Забрел по колено в воду, постоял, почерпал воду ладошкой и сразу же вышел. Лег животом на песок.

— Вот погреюсь — и хватит...»

Михаил Сизов очень хорошо описал, как, спрятавшись, кажется, от всех друзей и недругов, с какой-то роковой неизбежностью соскальзывал Рубцов в гибельную пучину...

«Алкогольное безумие только набирало обороты... В чайной — в розлив и на вынос — рекой лились водка, вермут и портвейн, пиво. Осоловелые механизаторы в грязных сапогах слонялись от стола к столу, как тени. Скопище техники — тракторы, машины возле чайной, как кони у коновязи.

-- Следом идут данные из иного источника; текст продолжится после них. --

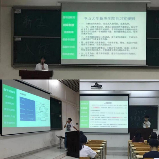 为了让2019级新生尽快了解并熟悉图书馆借阅环境,高效利用图书馆借阅资源。2019年10月16日,由图书馆主办,新华读书社承办的“2019级新生入馆教育”活动在广州校区正式开展。本次讲座由新华读书社成员担任培训,授课共计6场次。包括护理学院、药学院、生物医学工程学院、听力与语言科学系、资源与城乡规划系、康复医学系以及健康管理学院七个院系在内共706名新生聆听了讲座。
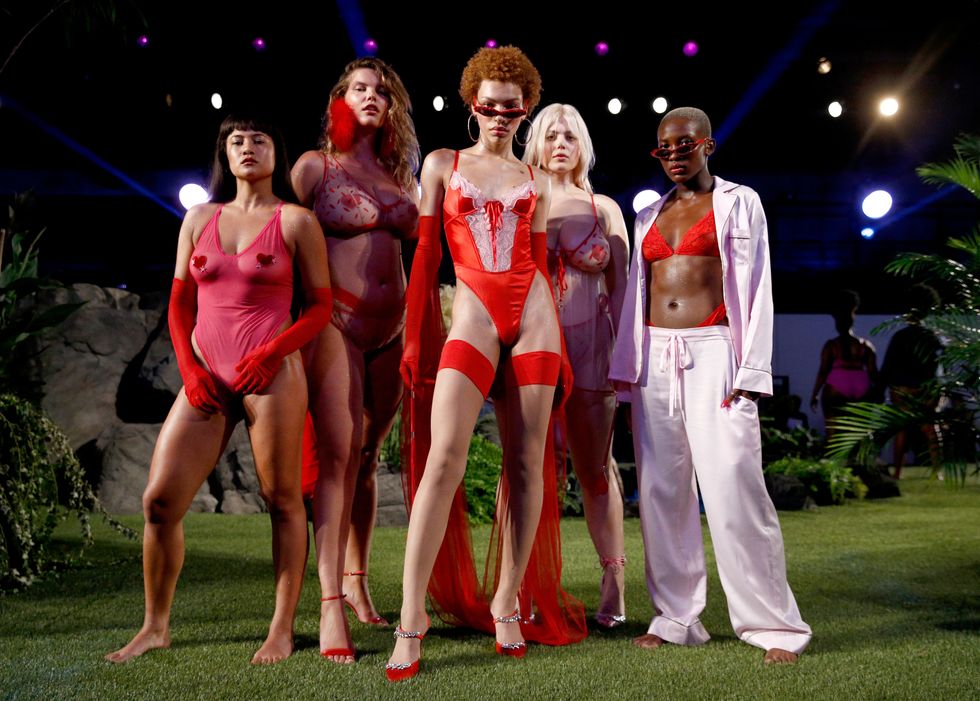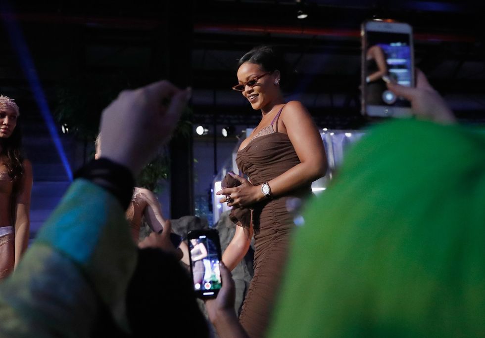 Only Rihanna could draw New York's fashion crowd to an empty building in the Brooklyn Navy Yard, on a rainy evening and after a Marc Jacobs show that started an hour-and-a-half late. But so she did, and the spectacle was worth the anticipation. Though it was a tough order to outdo her Fenty show last season, which featured flying dirtbikes and dunes of pink sand, the Rih created a utopian Garden of Eden for her gaggle of Savage babes. The space itself was transformed into a biodome filledwith tropical foliage sprouting up from lush grass-covered floors and geodomes that looked like chic blown-up planters lit with neon lights.

Пива нам показалось мало, а тут еще встретился знакомый сотрудник из районной газеты, который тотчас приобрел «бомбу» портвейна. Она, эта «бомба», и была выпита тотчас на зеленой лужайке под акациями. Мигнуть не успели, как мой знакомый, точно за стиральную доску встал, начал мытарить Колю, а заодно и меня своими стихами... Рубцов морщился, как от головной боли, автор же этого не замечал. Автор потел, голос его дорастал до металлического звона, но не отступался. Наконец выдохся, и Коля, улучив момент, предложил сходить за второй «бомбой».

— Я сам пойду! — оборвал он наши порывы. — А вы тут посидите, еще почитайте... Хорошие стихи, — ровным, как стол, голосом похвалил он и моментом скрылся за акациями».

Рубцова долго не было, и Сизов не выдержал.

— Как бы не поколотили его, нездешнего, — забеспокоился он, — подожди здесь, а я пойду подстрахую.

И он направился в забегаловку (чайную уже закрыли) на поиски.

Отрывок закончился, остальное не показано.